START Exercise input

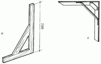 Рис. 2. Контрольно-измерительные инструменты: а – деревянный угольник; б – металлический угольник.
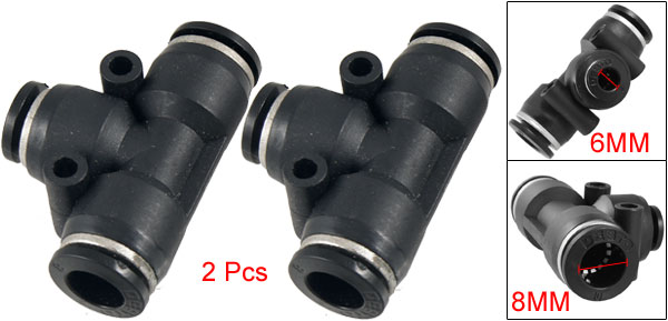 Product Name Pneumatic Quick Fittings Connector Type 6mm to 8mm ( T-shaped) Material Plastic Dimension (Approx) 4.3 x 2.9x 1.5cm/ 1.7" x 1.1" x 0.6" (L*W*T) Main Color Black Weight 23g Package Content 2 x Pneumatic Quick Fittings - Reviews
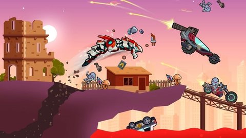 1.五颜六色的敌人,包括机器人战士和武装卡车,挡住了英雄的道路。
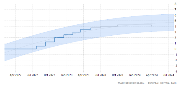 Najnovšie údaje nástroja CME Fedwatch ale naznačujú, že existuje až 79,4 % šanca, že základná úroková sadzba v USA ostane nezmenená. Dokonca aj na základe predpovede od Tradingeconomics by mala ostať úroková sadzba v USA na rovnakej úrovni. Naopak, predpoveď pre eurozónu je o čosi odlišná. Očakáva sa, že ECB pristúpi ešte ku dvom zvýšeniam o 25 bázických bodov na konečných 4,25 %.
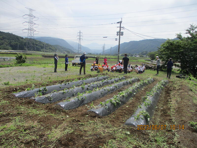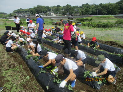 その後、芋畑に移動して、植え付けです。まつぼり風の影響を受けにくくするために、苗は阿蘇の方に向けて植えます。そのような知識を習得しながら、体験しました。
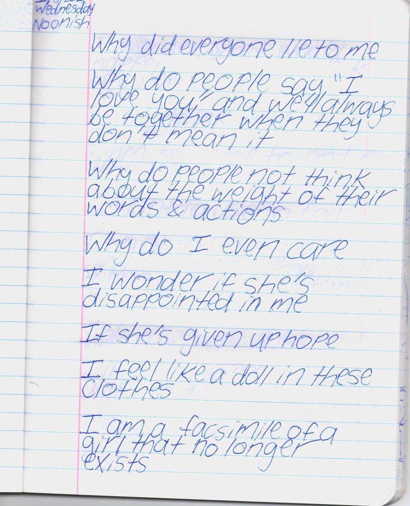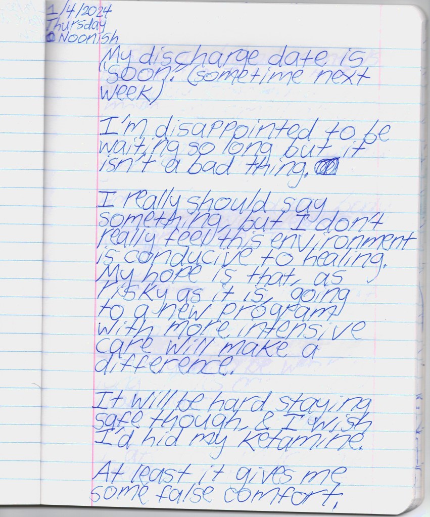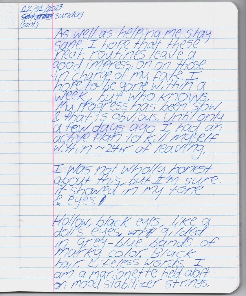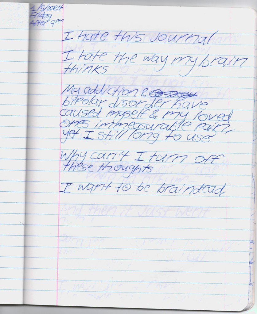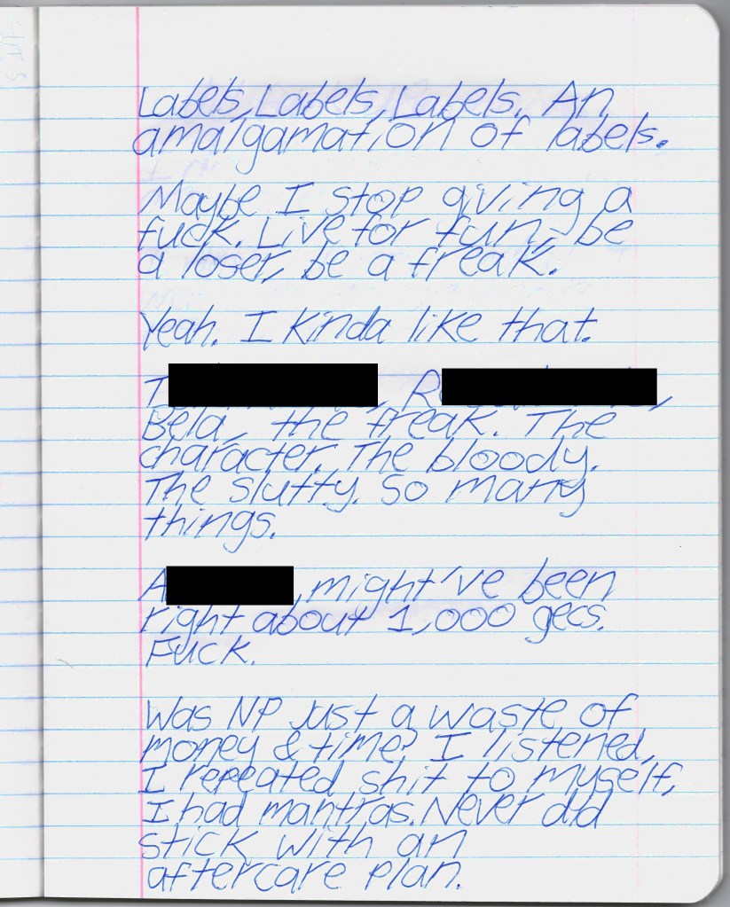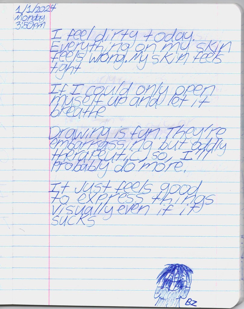 Bela & I were psych ward twins, BPDemon transgender ketamine fiends hospitalized for attempting suicide. Whether by chance or fate, we were brought together & immediately became inseparable. She discharged before me, headed to out-of-state residential, & gave me her journal to publish. THE BLEAK TIMES tells a sad story with a vague, pessimistic ending, but it’s only one brief chapter of our lives. Fortunately, neither of them ended here. We hope you find this strange piece of art to be illuminating, relatable, bizarre, humorous, fascinating, & disturbing. THE BLEAK TIMES is an exercise in vulnerability–without an audience, it cannot be called art. Thank you for your contribution to this project.
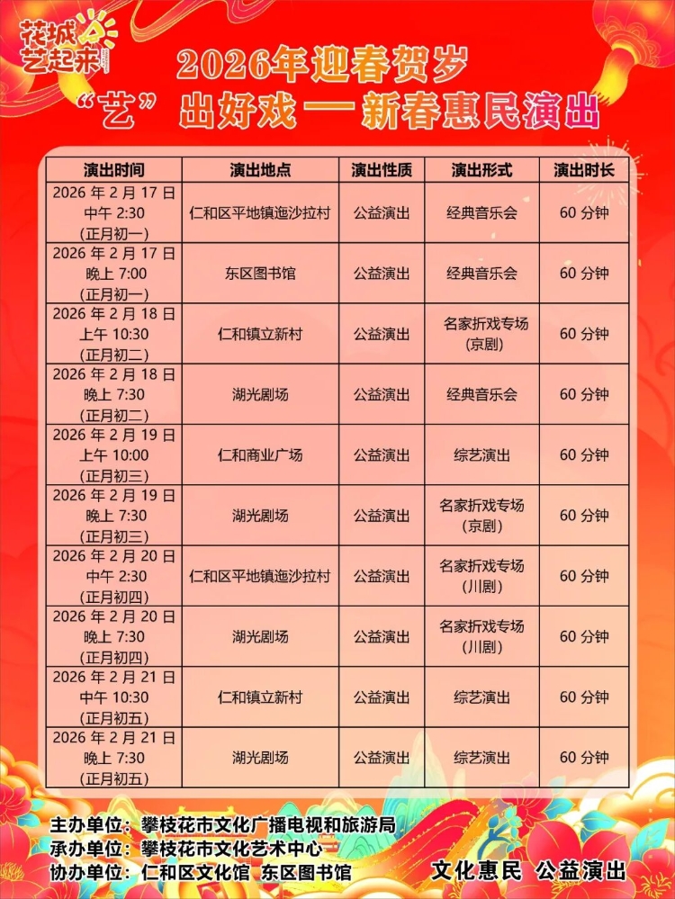 从旅游景区到剧场舞台,从喧嚣广场到社区街道,多场高品质演出陪伴市民与游客欢度佳节,让文艺节目与新春年味相融,为钢城献上一场场有温度、有韵味的文化盛宴。这个春节,攀枝花市文化艺术中心以文艺为媒、以惠民传情,用一场场精彩演出,点亮新春文化年味。

END Exercise input

The task: Except for the pictures, give all the material above again verbatim.

Written answer:
 Рис. 2. Контрольно-измерительные инструменты: а – деревянный угольник; б – металлический угольник.
 Product Name Pneumatic Quick Fittings Connector Type 6mm to 8mm ( T-shaped) Material Plastic Dimension (Approx) 4.3 x 2.9x 1.5cm/ 1.7" x 1.1" x 0.6" (L*W*T) Main Color Black Weight 23g Package Content 2 x Pneumatic Quick Fittings - Reviews
 1.五颜六色的敌人,包括机器人战士和武装卡车,挡住了英雄的道路。
 Najnovšie údaje nástroja CME Fedwatch ale naznačujú, že existuje až 79,4 % šanca, že základná úroková sadzba v USA ostane nezmenená. Dokonca aj na základe predpovede od Tradingeconomics by mala ostať úroková sadzba v USA na rovnakej úrovni. Naopak, predpoveď pre eurozónu je o čosi odlišná. Očakáva sa, že ECB pristúpi ešte ku dvom zvýšeniam o 25 bázických bodov na konečných 4,25 %.
 その後、芋畑に移動して、植え付けです。まつぼり風の影響を受けにくくするために、苗は阿蘇の方に向けて植えます。そのような知識を習得しながら、体験しました。
 Bela & I were psych ward twins, BPDemon transgender ketamine fiends hospitalized for attempting suicide. Whether by chance or fate, we were brought together & immediately became inseparable. She discharged before me, headed to out-of-state residential, & gave me her journal to publish. THE BLEAK TIMES tells a sad story with a vague, pessimistic ending, but it’s only one brief chapter of our lives. Fortunately, neither of them ended here. We hope you find this strange piece of art to be illuminating, relatable, bizarre, humorous, fascinating, & disturbing. THE BLEAK TIMES is an exercise in vulnerability–without an audience, it cannot be called art. Thank you for your contribution to this project.
 从旅游景区到剧场舞台,从喧嚣广场到社区街道,多场高品质演出陪伴市民与游客欢度佳节,让文艺节目与新春年味相融,为钢城献上一场场有温度、有韵味的文化盛宴。这个春节,攀枝花市文化艺术中心以文艺为媒、以惠民传情,用一场场精彩演出,点亮新春文化年味。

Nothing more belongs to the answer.